In a schematic box plot, outlier values within a group are plotted as separate points beyond the whiskers of the box-and-whiskers plot. See the section Styles of Box Plots and the description of the BOXSTYLE= option for a complete description of schematic box plots.

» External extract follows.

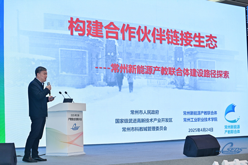 4月24日,2025年(第二屆)產(chǎn)教融合發(fā)展大會(huì)在四川瀘州舉行。大會(huì)以“構(gòu)建產(chǎn)教融合新格局,賦能新質(zhì)生產(chǎn)力發(fā)展”為主題,來(lái)自全國(guó)多地政府部門、教育行政部門,普通高校、職業(yè)院校、行業(yè)企業(yè)以及中央媒體的400余位嘉賓與會(huì)。作為2024年教育部產(chǎn)教融合、校企合作典型案例學(xué)校代表,我校黨委書記席海濤受邀參加并作常州新能源產(chǎn)教聯(lián)合體建設(shè)典型案例主題報(bào)告。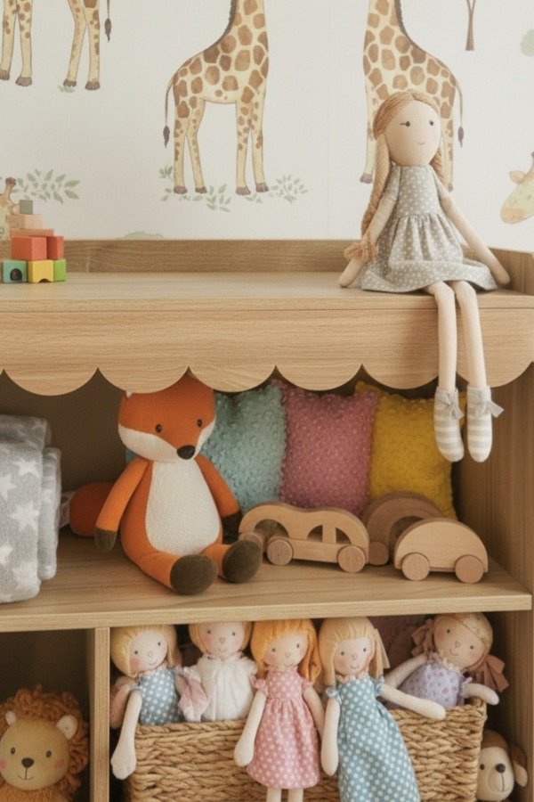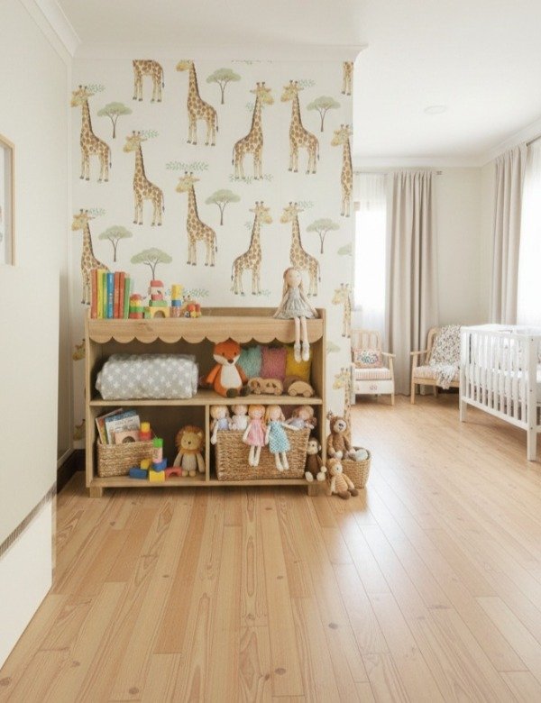 Biblioteca baja en madera Oregón con tinte color roble claro.

The following statements use the BOXSTYLE= option to produce a schematic box plot of the data from the Turbine
data set. The OUTBOX= option creates a summary data set named OilSchematic
. The ODS GRAPHICS ON statement specified before the PROC BOXPLOT statement enables ODS Graphics, so the box plot is created
using ODS Graphics instead of traditional graphics.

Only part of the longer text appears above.